Но вчера был особый день. Может, кого и мочили на других каналах, но мы того не видели, Титус, мы по "ТВ Центру" в сотый раз смотрели "17 мгновений весны". Сидим, сверяем реплики, вроде никто не ошибается, роли свои на всю жизнь выучили и Штирлиц, и Шелленберг, и даже престарелый пастор Шлаг... И вдруг на том месте, где Штирлиц поит пастора кофеем, слышим из угла всхлипывания. Оборачиваемся: ба! Евгений Максимович Примаков тихо рыдает! Зашикали было на него, а тут про пули у виска понеслось, конец, стало быть, серии.

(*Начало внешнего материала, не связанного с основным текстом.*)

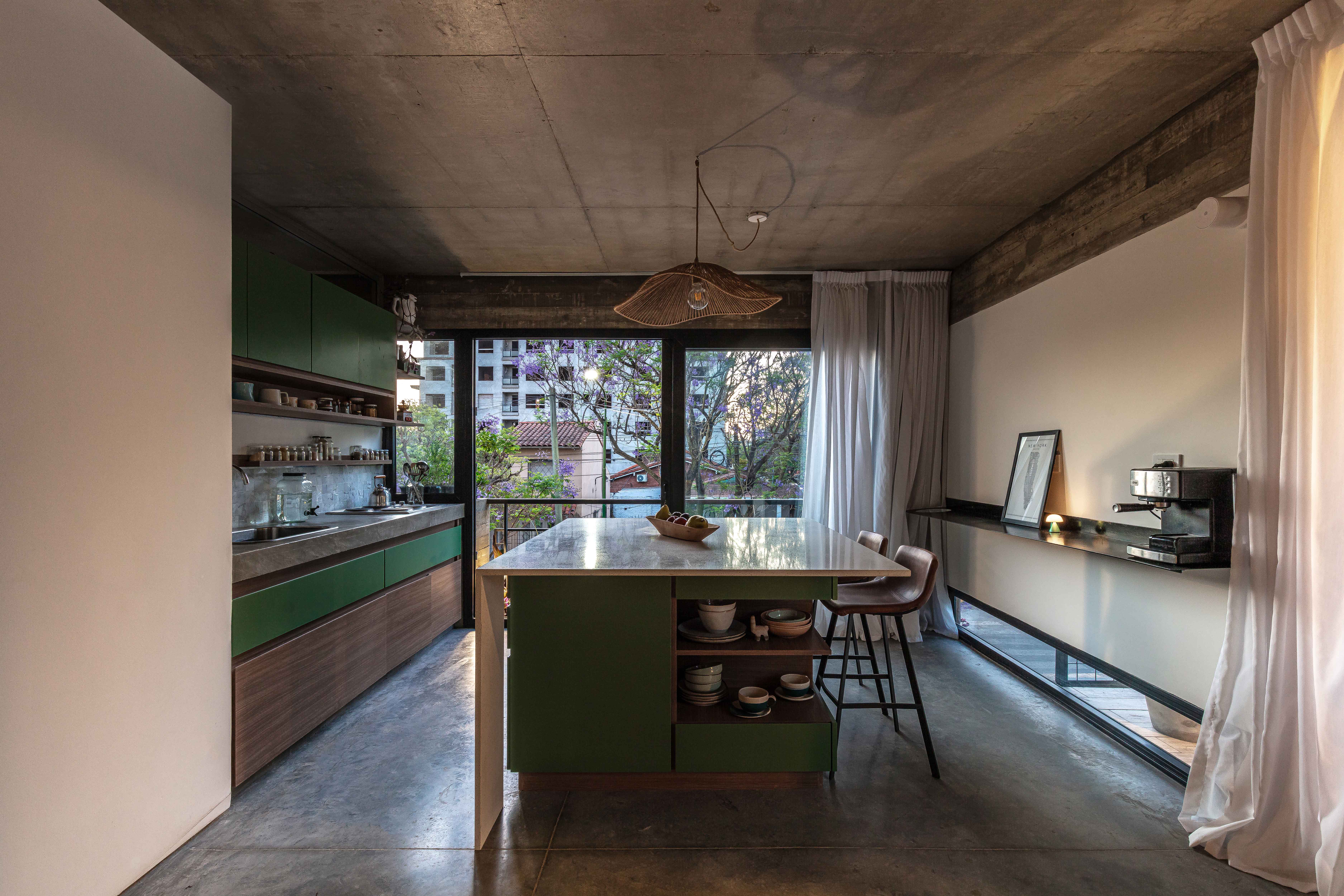 О проекте: Несмотря на то, что основными материалами в интерьере стали необработанный бетон и стекло, кухонные фасады характерного золотисто-коричневого цвета стали изюминкой проекта. В кухне есть все необходимое – духовой шкаф, закрытые полки и кварцевая столешница от одной стены до другой. Кухонный стол можно использовать в качестве рабочего места. Для этого он оснащен скрытыми розетками. Здесь для каждого предмета предусмотрено свое место, так, например, кофемашина размещается на специально предусмотренной для нее подвесной металлической полке.
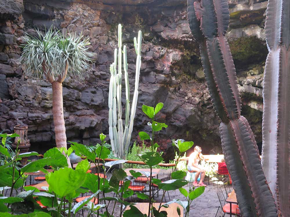 La sensación era la de estar en un especie de cápsula. Una burbuja de basalto con sonido ambiental a la que habían “puesto bonita” con helechos, cactus, opulentos elementos de jardinería, coquetas zonas habilitadas con mesas y taburetes donde comer o tomar algo, estratégicos focos de luz y hasta con un Auditorio en el que se celebran sus mágicas Noches de Jameos. 🙂

- Ты что, Максимыч, с катушек съехал? - спрашиваем шепотом, чтоб санитары не услышали.
- Это ведь про меня фильм, ребята, - отвечает он, утирая слезы. - Про мою военную юность. Это ведь я - Штирлиц! Он же - Исаев, он же - Юстас, он же - Киршблат, он же - Примаков Макс Отто. Славные были времена (слезы на его лице уже высохли): революция, интервенция, коллективизация, индустриализация... Потом разведка пошла - сперва внутренняя, потом внешняя, а потом всесторонняя. А уж потом партия и правительство меня сюда бросили, среди вас отечество насаждать и всю Россию! Эх, годы молодые! Чемпионат Берлина по теннису! Катя-Кэт-Катерина!
Все расчувствовались. Щедрый Лужков вынул из кармана полбанана: "Ешь, Максимыч!" Один недоверчивый Доренко шепнул мне на ухо:
- Заслали его к нам, Титус! Гадом буду, сайентологи из Центра заслали! Надо будет по своим каналам проверить..."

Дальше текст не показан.